I would call this the list of guys you could have stolen for your fantasy team after these years. I seem to recall my grandfather telling me how he jobbed everyone in his league by picking up Lefty Grove after the 1934 season when everyone thought he was finished ;-).

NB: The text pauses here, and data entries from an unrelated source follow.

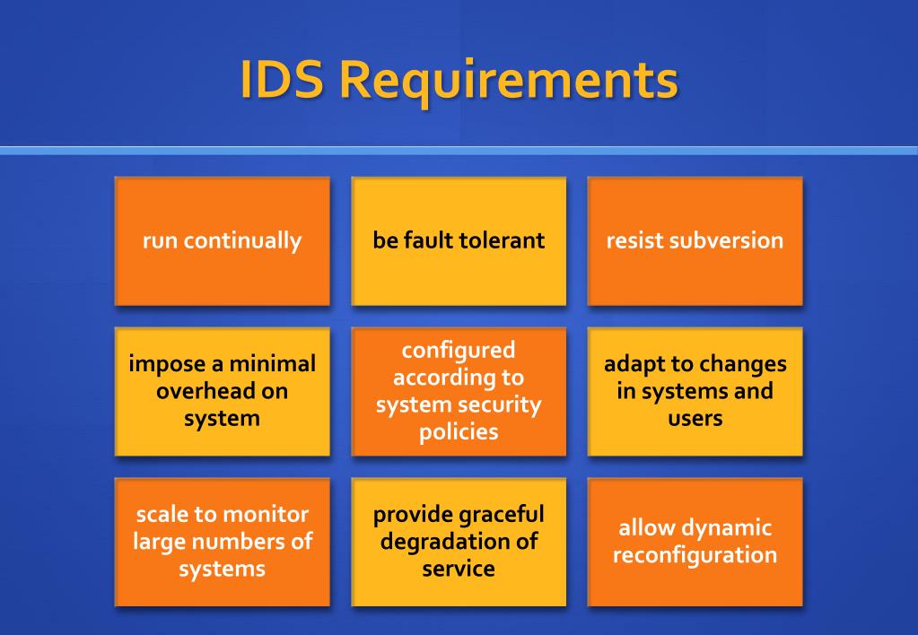 Intrusion Detection Systems (IDSs) host-based IDS monitors the characteristics of a single host for suspicious activity network-based IDS monitors network traffic and analyzes network, transport, and application protocols to identify suspicious activity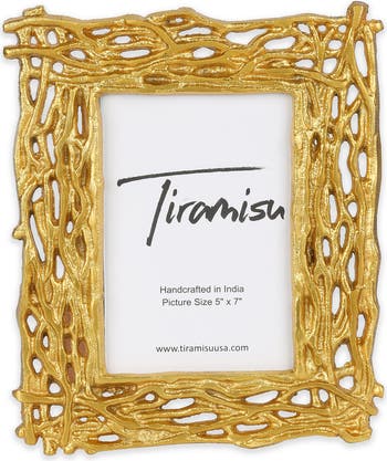 Showcase your favorite memories in this elegant picture frame crafted from gleaming metal and adorned with intricate, branch-like patterns.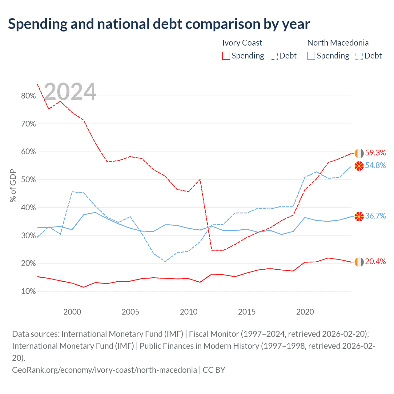 Ivory Coast has $51.6B in government debt (59.3% of GDP), compared to $9.3B (54.8% of GDP) in North Macedonia.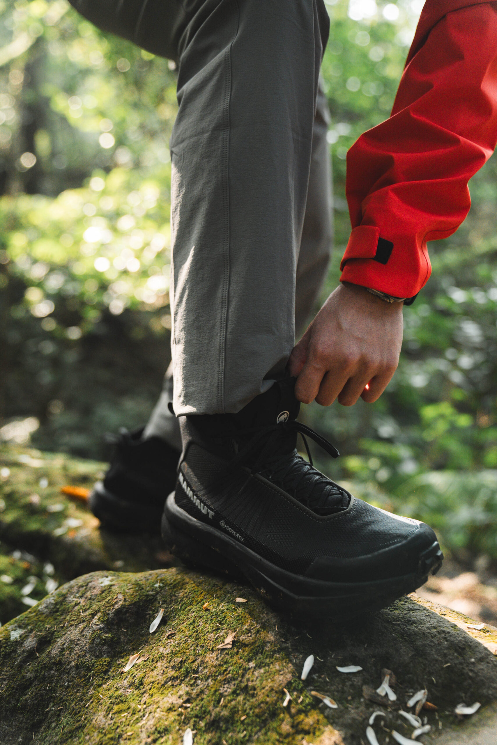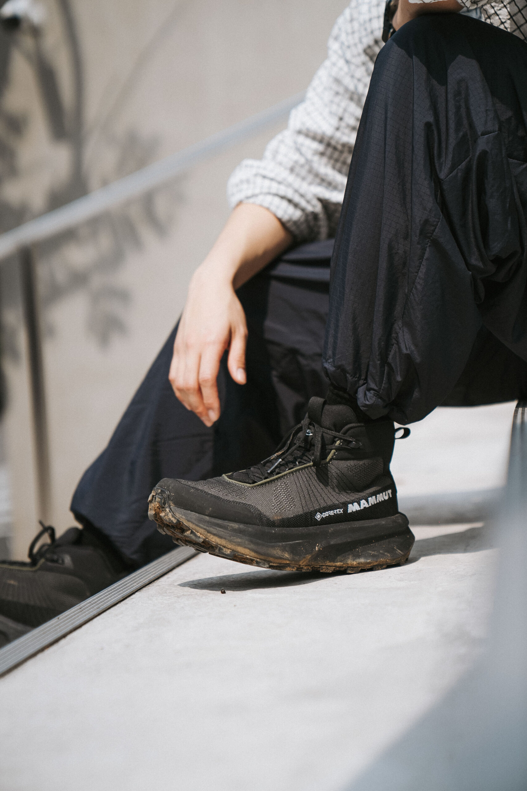▲ Mammut Aenergy Mtn Mid GTX 不只是一雙登山健行鞋,更可以是街頭潮流單品,承載著北歐基因,帥氣簡約的外型,不管是在街頭散策或是城市通勤都毫無違和感;長褲:Jugem JG24 Active Easy Pants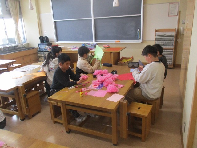 5年生は、2時間目に準備を進めていました。来週から始まる卒業生を祝う週間に向けての準備を進めていました。

I have a few final words. I wanted to at least make the HRs park-neutral, but I do not have easy access to such a large number of HR park-factors over this time period. Also, I did nothing to modify ERA for years, such as calculating ERAs relative to the average. I did this, well, because I wanted to look at raw ERA numbers. I am more interested in the comparison to of the pERA to the raw number that we are oooing and ahhhing over. Anyway, so these are the lists I wanted to see. I hope you enjoy, and please feel free to send thoughts and suggestions. I am certainly not married to the list.